The news: Catastrophe risk modeling firm RMS forecast that the losses to insurers from July’s extreme flooding across Western and Central Europe will be in the range of €5 billion ($5.7 billion) to €6.5 billion ($7.4 billion), per Artemis. This would make the insured losses one of the costliest flood-related events in European history.
Flood insurance gap: The flood protection gap in Europe means that a large proportion of economic losses will be uninsured, which highlights the devastating wider impact of the flooding beyond the insurance industry.
A combination of climate change increasing the severity and frequency of extreme weather events like flooding and the relatively high cost of traditional flood insurance caught policyholders and insurers flat-footed in Europe.

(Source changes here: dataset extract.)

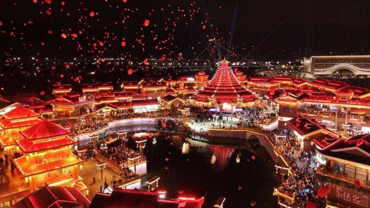怀化洪江古商城这座千年古城在新潮的旋律中灯火璀璨、流光溢彩。1月1日晚,电广传媒、湖南经视联合打造的2026“超级大舞台 唱响古商城”首秀拉开帷幕,震撼人心的无人机表演吸引了众多游客现场观看。作为“2026超级老声”首站,“超级大舞台 唱响古商城”元旦假期每晚迎来8名t/span>

What does this mean for the insurance industry? As devastating disasters like July’s flooding become more common, policyholder awareness of the need to take out protection will grow—this presents an opportunity for innovative insurers to scoop up premiums. Some incumbents seem to have reacted to this critical demand: SwissRe rolled out a new flood product that aims to close this gap with flexible coverage.
The role of insurtechs: Incumbent insurers are currently ill-equipped to offer the comprehensive and affordable flood insurance that policyholders now need, and partnering with or acquiring innovative insurtechs could be key to meeting demand.
Insurtech partnerships can help insurers both proactively mitigate the impact of floods and offer more affordable premiums—all the more salient given that recent events might drive up prices for policyholders due to increased risk.